What Is a Bottom Plow Used For on the Farm?

A bottom plow is used to slice, lift, and flip soil upside down, burying crop residue, weeds, and surface debris while creating a loose, well-drained seedbed for planting. It’s one of the oldest and most recognizable pieces of farm equipment, and it remains the go-to tool when a farmer needs to completely turn over a field. The term “bottom” refers to each individual plow unit (the cutting and turning assembly), so a “three-bottom plow” has three of these units working side by side.

How a Bottom Plow Works

The plow does its job through a curved metal plate called a moldboard. As the plow moves forward, a sharp edge at the front (the share) slices horizontally through the soil at a set depth. The moldboard then lifts that slice and rolls it over, sometimes flipping it a full 180 degrees. This action fractures compacted ground and creates a long, turned-over ribbon of soil called a furrow.

Several parts work together in each bottom. The share does the initial cutting. A piece called the shin helps guide the soil up onto the moldboard. The landside runs along the wall of the unplowed ground, keeping the plow stable and tracking straight. Some setups include a trash board, a smaller plate mounted above the moldboard that helps push surface material like stalks and straw down into the furrow so nothing is left sticking out.

Primary Uses on the Farm

The main reason farmers reach for a bottom plow is to prepare ground for planting. By inverting the top layer of soil, the plow accomplishes several things at once. It buries 80 to 90 percent of crop residue left on the surface after harvest, pushing old stalks, roots, and leaves underground where they decompose and add organic matter to the root zone. It buries weed seeds deep enough that most can’t germinate. And it breaks up compacted soil, improving drainage and giving new roots an easier path downward.

This type of plowing is also used to deal with heavy weed pressure or insect pest problems. Flipping the soil buries pests that overwinter near the surface and disrupts their life cycle. In fields with thick stands of weeds, a moldboard plow can roll under tall growth more effectively than lighter tillage tools. Farmers preparing vegetable ground, converting pasture to cropland, or breaking sod for the first time commonly use a bottom plow because no other implement turns the soil as completely.

One-Way vs. Rollover Plows

Bottom plows come in two basic configurations, and the choice between them depends on field shape and irrigation setup. A one-way plow turns all its furrows in the same direction. The farmer typically plows in a loop pattern, working from the outside of the field inward one year and reversing the pattern the next. This leaves a raised ridge along the starting line (called a back furrow) and a depression in the middle or at the edges (called a dead furrow). Finishing off dead furrows and headlands takes extra time and passes.

A rollover plow, also called a two-way or reversible plow, has two sets of bottoms mounted on a frame that rotates.

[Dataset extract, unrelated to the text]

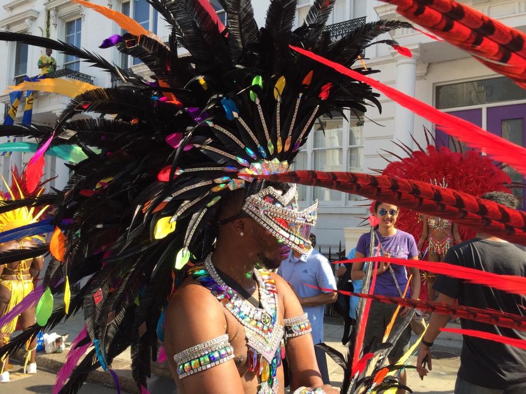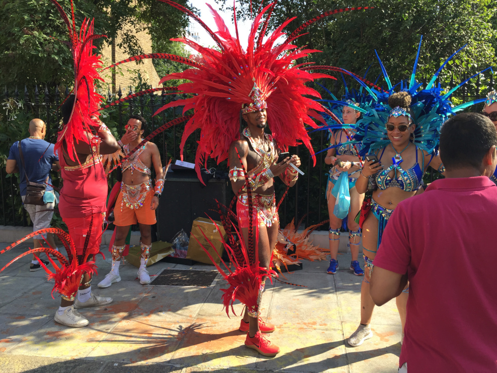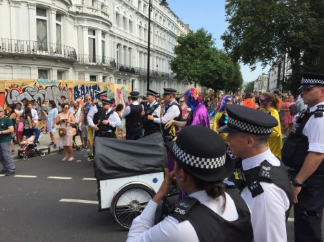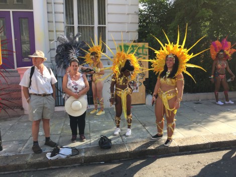 There’s a friendly police presence and you have to show proof of your hotel booking before they let you through the security cordon. Compared with last year, when it poured down, this year the weather is, well, Caribbean. Thirty degrees with great slices of sunshine. Sunday is family and children’s day, less raucous and maybe a touch safer? At 3pm Sunday and Monday there’s a 72 second silence in memory of those who died at Grenfell Tower. The tower isn’t within the cordon, but definitely part of the neighbourhood and still standing as an eerie reminder of the tragedy.
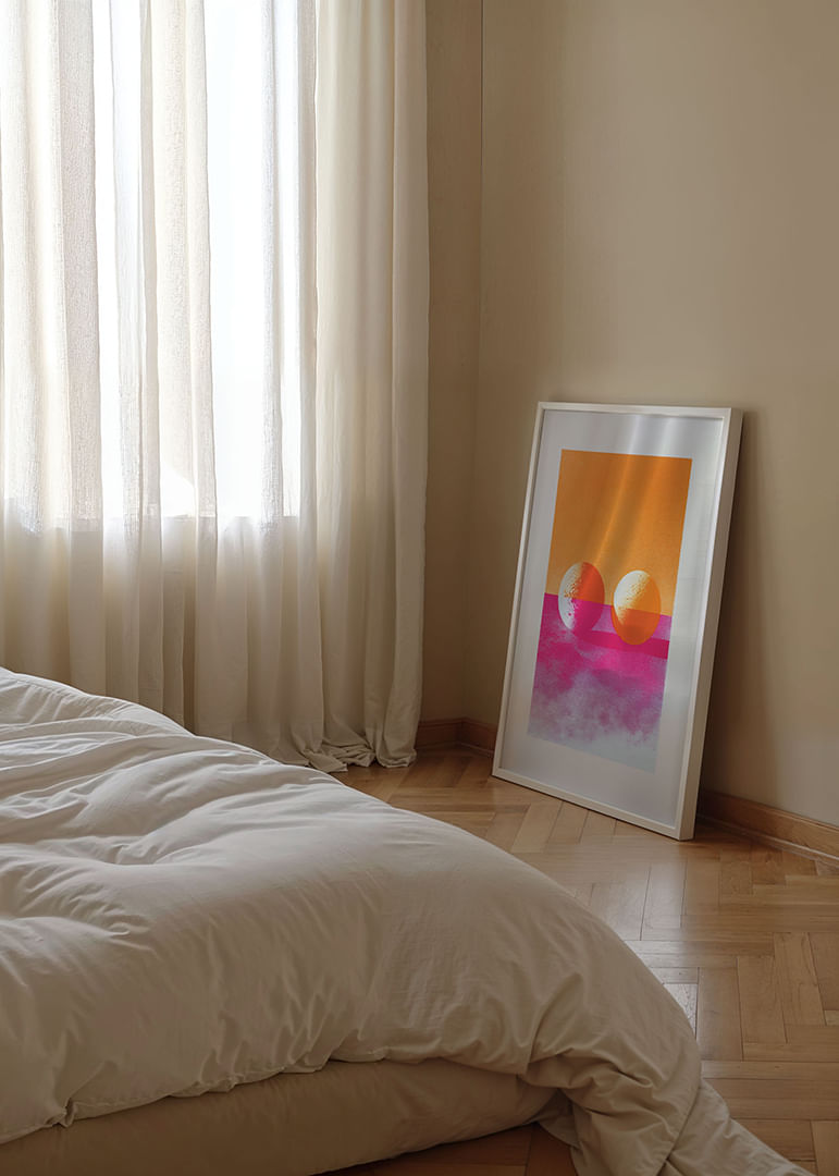 This poster catches the eye with its unique combination of colors and shapes. Two spheres float peacefully in the center, surrounded by a vibrant neon sky that transitions into soft, dreamlike clouds. It's a harmonious image of balance and reflection that brings to mind both fantasy and reality. Perfect for adding an exotic and modern feel to any room, this poster will be a conversation piece

At the end of each pass, the operator flips the frame so the plow turns soil in the opposite direction on the return trip. This means every furrow falls the same way, leaving the field flat with no dead furrows. Rollover plows are heavier and pull harder, but they save significant time in irregularly shaped or small fields. They’re practically required for fields with furrow or border irrigation, where a dead furrow in the middle of the field would disrupt water flow.

What Happens After Plowing

A bottom plow is a primary tillage tool, meaning it does the heavy, first-pass work. The rough, chunky surface it leaves behind isn’t ready for planting on its own. Farmers follow up with secondary tillage, typically a disk harrow to chop up clods, then a field cultivator or drag harrow to smooth and level the seedbed. This sequence of moldboard plow followed by disking and harrowing is what’s meant by “conventional tillage.”

Tradeoffs and Soil Health Concerns

For all its effectiveness at preparing a clean seedbed, moldboard plowing carries real costs to soil structure. Flipping the soil exposes organic matter that was protected inside soil aggregates, and microbes quickly break it down, releasing carbon dioxide. Research at Michigan State University’s long-term experiment station found that no-till fields accumulate more soil organic carbon than conventionally tilled fields over time. More striking, a single pass with a plow on soil that had never been farmed reduced soil aggregation to levels found on fields tilled for more than 50 years. Soil structure built up over years of rest or no-till management can be lost almost instantly.

Tilled fields also lose more greenhouse gases. When Conservation Reserve Program land (ground that had been resting under perennial cover) was converted back to cropland, conventional tillage released 100 percent more carbon dioxide and 20 percent more nitrous oxide than no-till conversion over the following six months. Plowing increases the risk of erosion too, because bare, loosened soil is far more vulnerable to wind and rain than ground protected by surface residue.

These findings have pushed many grain farmers toward no-till or reduced tillage systems. But the bottom plow hasn’t disappeared. It remains valuable in specific situations: breaking new ground, managing severe weed infestations, incorporating lime or manure, preparing vegetable fields that need a deep, loose seedbed, or dealing with compacted soil that lighter tools can’t fix. The key is understanding it as a powerful but disruptive tool, best used when the situation genuinely calls for complete soil inversion rather than as a default annual practice.